Records supplied:
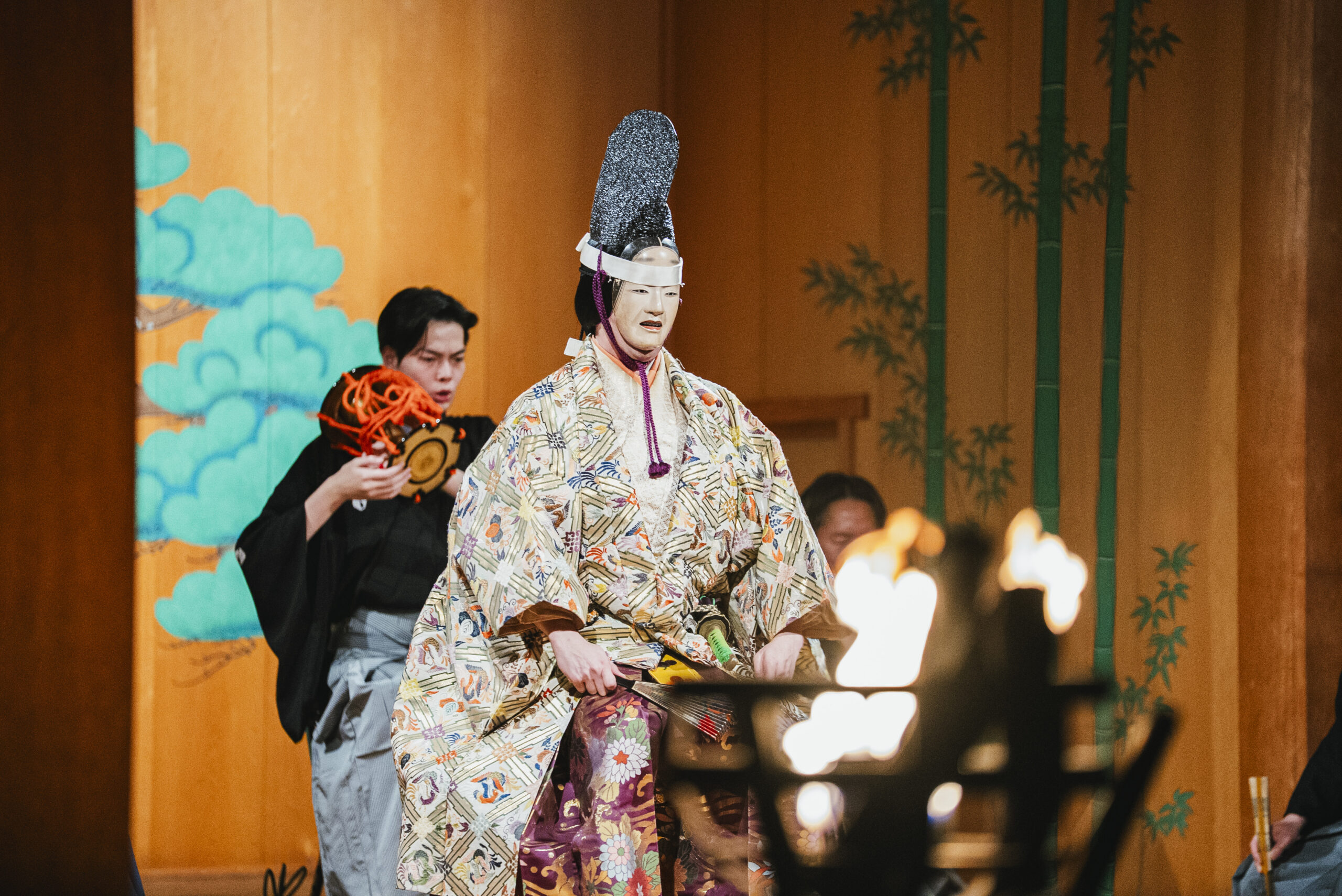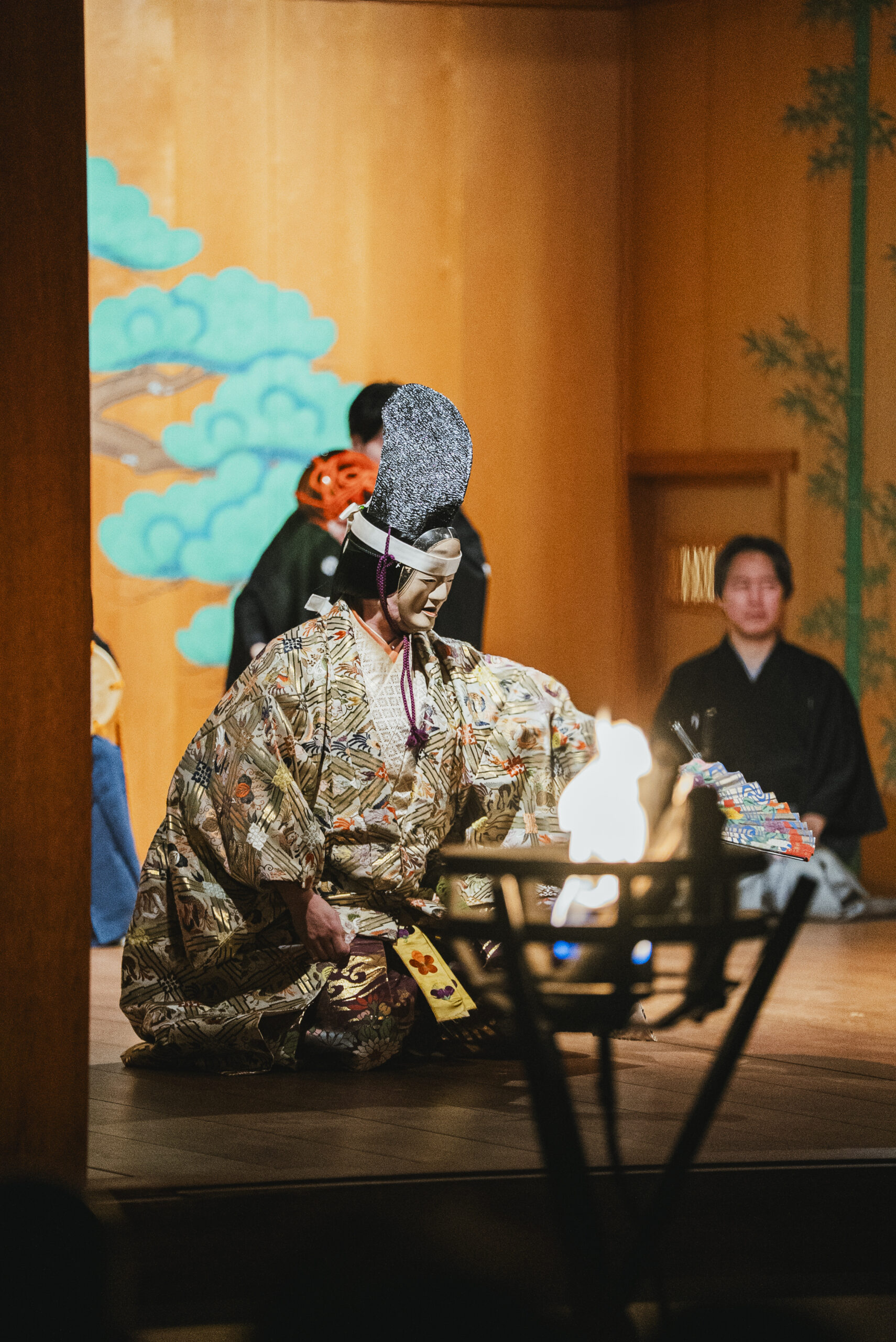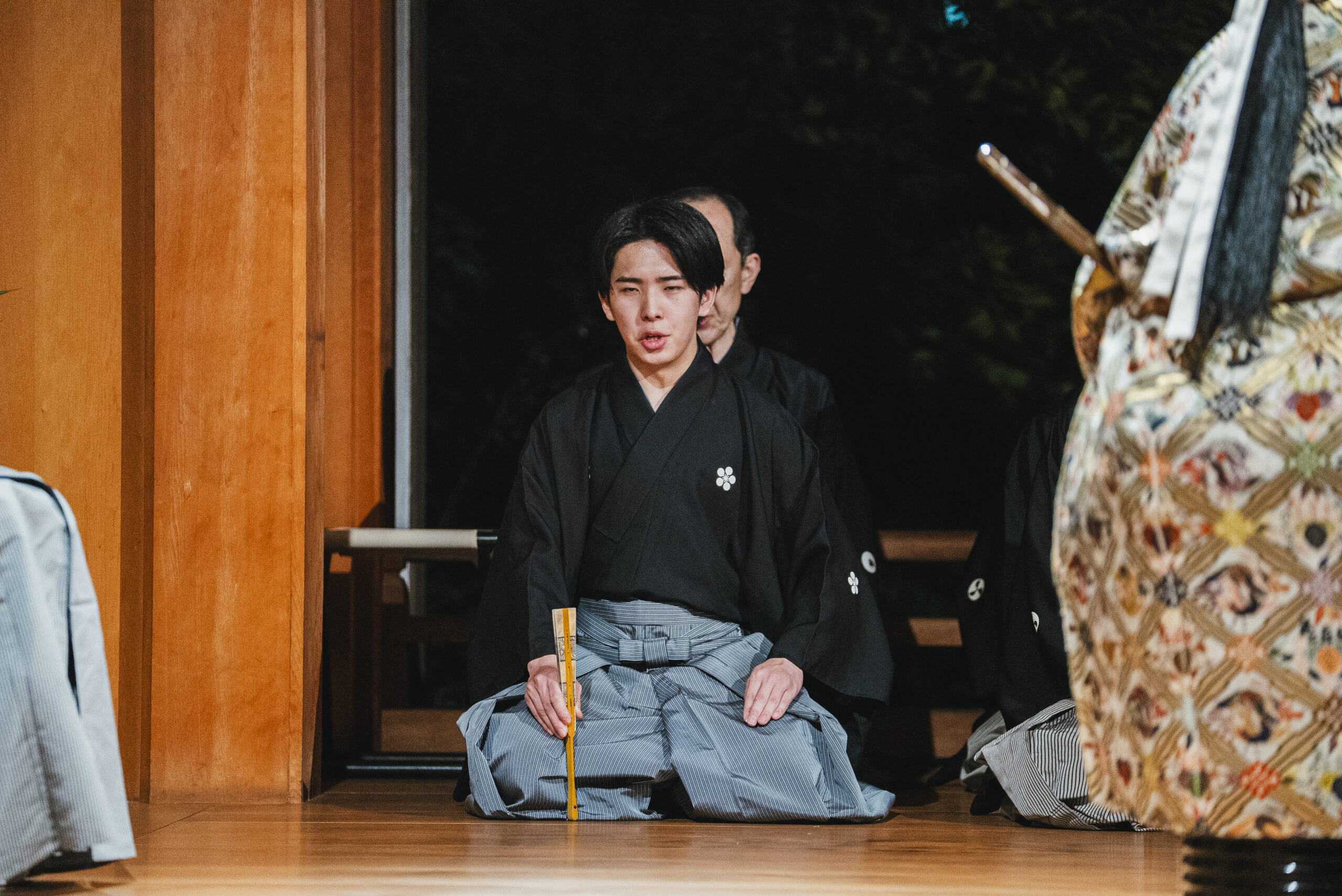 住吉明神が現れ、悪しきを祓い、寿福を招き、千秋万歳を言祝ぐこの舞では、小早川泰輝氏が清らかな所作と真摯な気迫で舞台を引き締めました。若き舞手らしい真面目な一歩一歩の運びに、未来を託したくなるような清々しさが漂っていました。
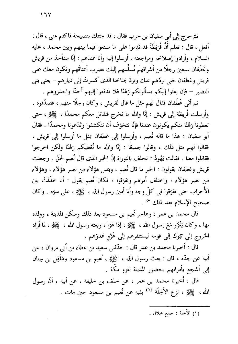 وأرسلت قُريظة إلى قريش: إنّا والله ما نخرج فنقاتل معكم محمدًا، - صلى الله عليه وسلم -، حتى تعطونا رَهْنًا منكم يكونون عندنا فإنّا نتخوّف أن تنكشفوا وتَدَعونا ومحمدًا. فقال أبو سفيان: هذا ما قاله نُعيم، وأرسلوا إلى غطفان بمثل ما أرسلوا إلى قريش، فقالوا لهم مثل ذلك، وقالوا جميعًا: إنّا والله ما نُعْطيكم رَهْنًا ولكن اخرجوا فقاتلوا معنا. فقالت يَهُودُ: نحلف بالتوراة إنّ الخبر الذي قال نُعيم لحَقّ. وجعلت قريش وغطفان يقولون: الخبر ما قال نُعيم، ويئس هؤلاء من نصر هؤلاء، وهؤلاء من نصر هؤلاء، واختلف أمرهم وتفرّقوا، فكان نُعيم يقول: أنا خذّلتُ بين الأحزاب حتى تفرّقوا في كلّ وجه وأنا أمين رسول الله، - صلى الله عليه وسلم -، على سرّه. وكان صحيح الإسلام بعد ذلك *).
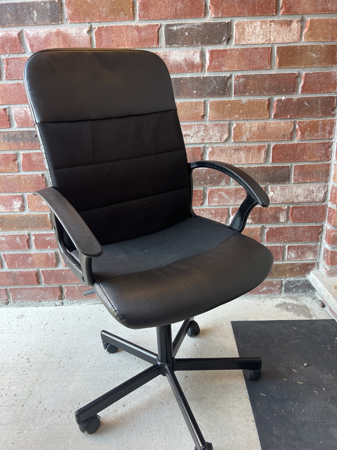 1 / 11 / 1Buy & SellOffice Chair - BlackOffice Chair - Black$20Here's a black office chair in good condition. It has a black leather seat and a mesh back. Perfect for your home office!ConditionGoodWHERE TO MEET25 tobias laneView MapSELLERverifiedJaydenBarrie South GO832 reviews1 chats·0 favorites·18 viewsSEND CHAT TO SELLERHi Jayden! I’m interested in your listing.Hi Jayden! I’m interested in your listing.Get the Karrot app to chatSign In to chat
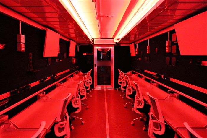 Tables 20" deep by 49" wide, locking in both deployed and stowed (down) positions, lining both sides of the SCIF (Qty 15)
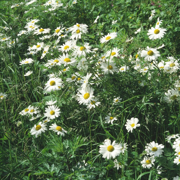 Unveil the simple beauty of Leucanthemum vulgare, also known as the Ox-eye Daisy, a classic British wildflower bringing cheerful white blooms to your garden.
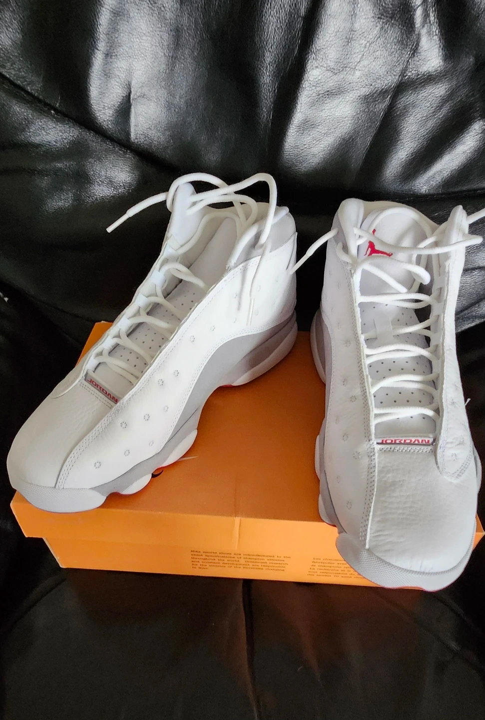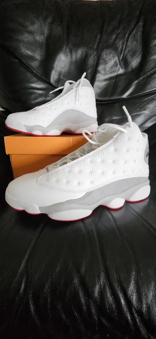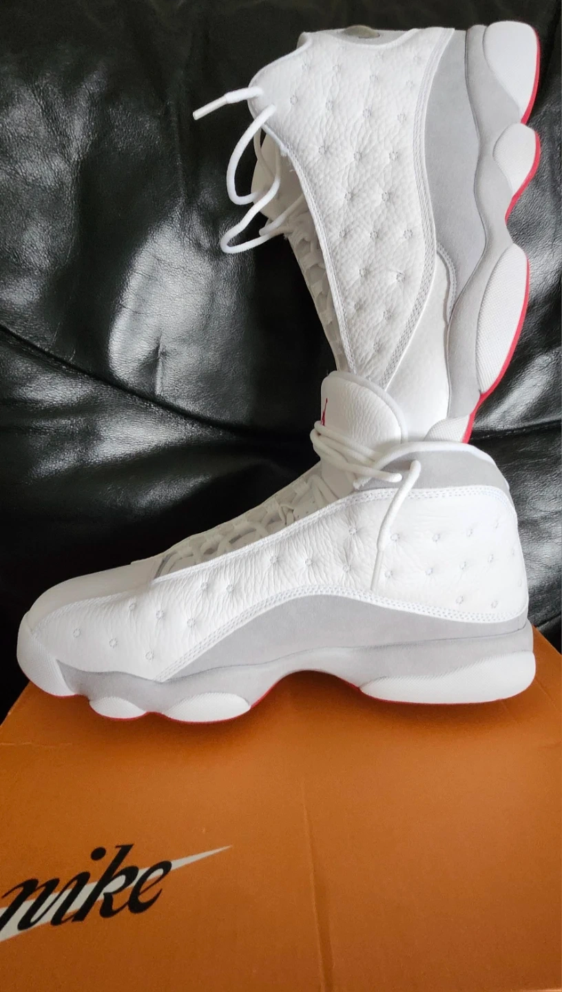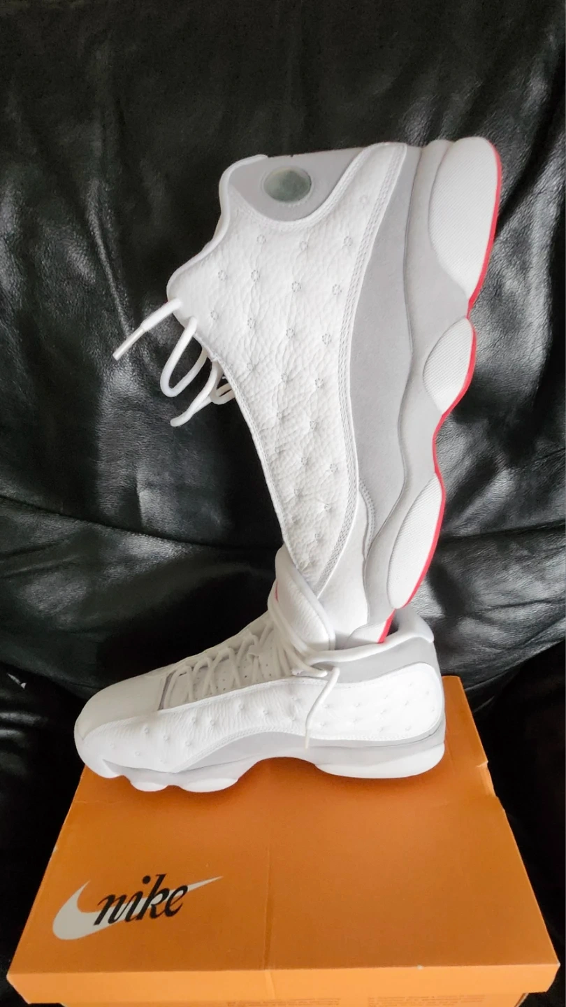 These Jordan 13 Retro sneakers are a clean white with grey and red accents. No box. Great for any sneaker collector!
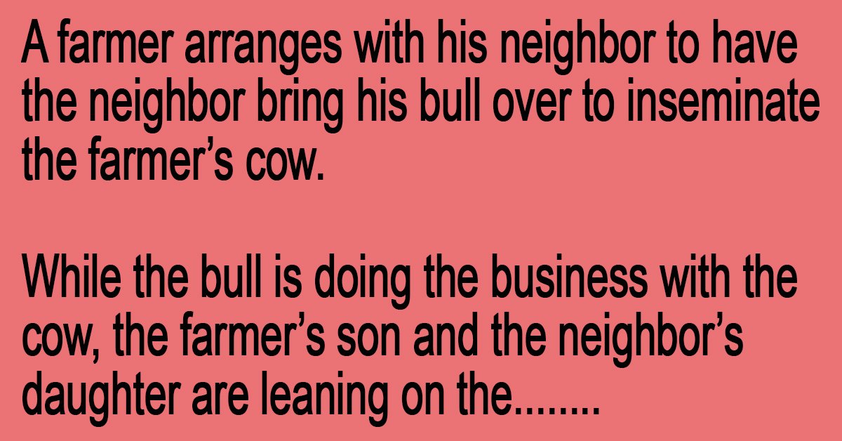 The farmer’s son nudges the neighbor’s daughter, winks and says to her,
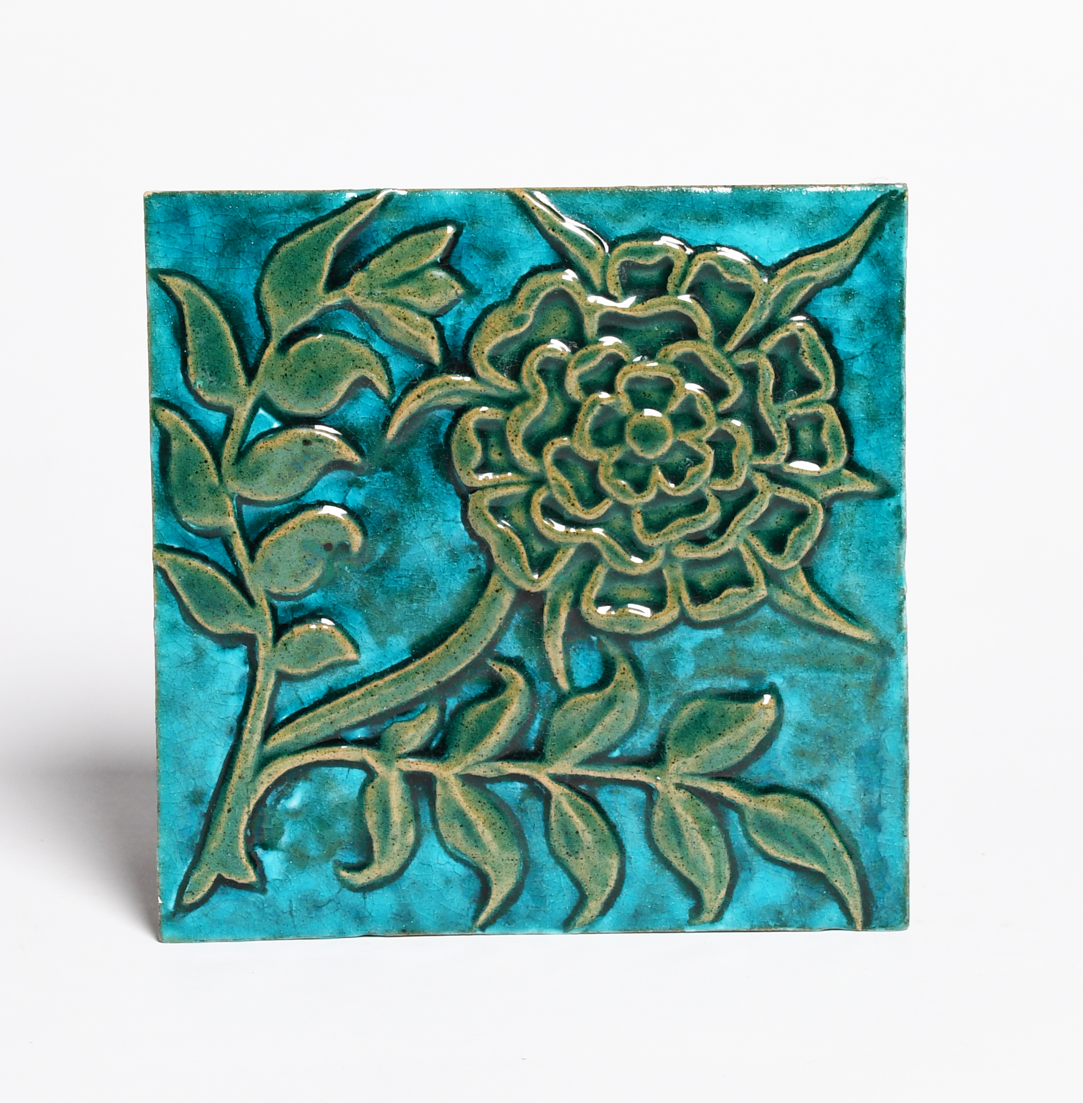 A William De Morgan Sands End Pottery Four Inch Rose tile the design attributed to Halsey Ricardo, moulded in low relief, painted in green on a blue ground impressed factory marks, 15.3cm. square
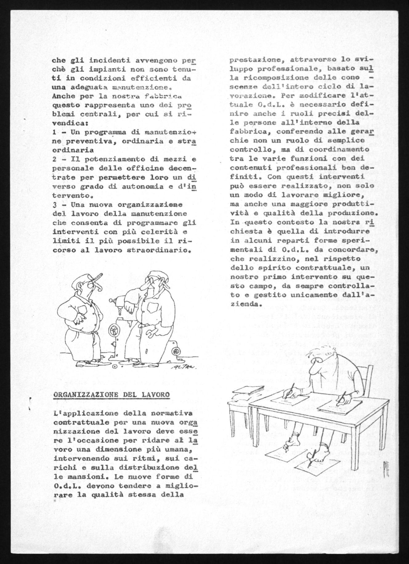 prestazione, attraverso lo sviluppo professionale, basato sul la ricomposizione delle conoscenze dell'intero ciclo di lavorazione. Per modificare l'attuale 0.d.L. è necessario definire anche i ruoli precisi delle persone all'interno della fabbrica, conferendo alle gerar chie non un ruolo dí semplice controllo, ma di coordinamento tra le varie funzioni con dei contenuti professionali ben definiti. Con questi interventi può essere realizzato, non solo un modo di lavorare migliore, ma anche una maggiore produttività e qualità della produzione. In questo contesto la nostra ri chiesta è quella di introdurre in alcuni reparti forme sperimentali di 0.d.L. da concordare, che realizzino, nel rispetto dello spirito contrattuale, un nostro primo intervento su questo campo, da sempre controllato e gestito unicamente dall'azienda.
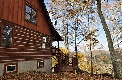 Long range, Grandfather Mtn. views from immaculate log home on almost 2 acres. Private, tucked in woods yet within mins. to Boone & Appalachian State. Multitude of options: 4 bedrooms & 3 full baths - but additional sleeping room & HUGE loft equals 5 sleeping spaces. Great room features striking, vaulted ceiling with beams & stately stacked stone fireplace. Open living: dining room & kitchen with stainless appliances, hickory cabinets and bar flows from great room. Double French doors lead from dining & great rooms to covered & uncovered deck - greatly extending living/entertaining space.

What is required: Your reply should hold nothing but the lines above, from the one containing "1 / 11 / 1Buy" to the one containing "prestazione, attraverso lo", reproduced exactly minus the pictures.

Answer to this exercise:
 1 / 11 / 1Buy & SellOffice Chair - BlackOffice Chair - Black$20Here's a black office chair in good condition. It has a black leather seat and a mesh back. Perfect for your home office!ConditionGoodWHERE TO MEET25 tobias laneView MapSELLERverifiedJaydenBarrie South GO832 reviews1 chats·0 favorites·18 viewsSEND CHAT TO SELLERHi Jayden! I’m interested in your listing.Hi Jayden! I’m interested in your listing.Get the Karrot app to chatSign In to chat
 Tables 20" deep by 49" wide, locking in both deployed and stowed (down) positions, lining both sides of the SCIF (Qty 15)
 Unveil the simple beauty of Leucanthemum vulgare, also known as the Ox-eye Daisy, a classic British wildflower bringing cheerful white blooms to your garden.
 These Jordan 13 Retro sneakers are a clean white with grey and red accents. No box. Great for any sneaker collector!
 The farmer’s son nudges the neighbor’s daughter, winks and says to her,
 A William De Morgan Sands End Pottery Four Inch Rose tile the design attributed to Halsey Ricardo, moulded in low relief, painted in green on a blue ground impressed factory marks, 15.3cm. square
 prestazione, attraverso lo sviluppo professionale, basato sul la ricomposizione delle conoscenze dell'intero ciclo di lavorazione. Per modificare l'attuale 0.d.L. è necessario definire anche i ruoli precisi delle persone all'interno della fabbrica, conferendo alle gerar chie non un ruolo dí semplice controllo, ma di coordinamento tra le varie funzioni con dei contenuti professionali ben definiti. Con questi interventi può essere realizzato, non solo un modo di lavorare migliore, ma anche una maggiore produttività e qualità della produzione. In questo contesto la nostra ri chiesta è quella di introdurre in alcuni reparti forme sperimentali di 0.d.L. da concordare, che realizzino, nel rispetto dello spirito contrattuale, un nostro primo intervento su questo campo, da sempre controllato e gestito unicamente dall'azienda.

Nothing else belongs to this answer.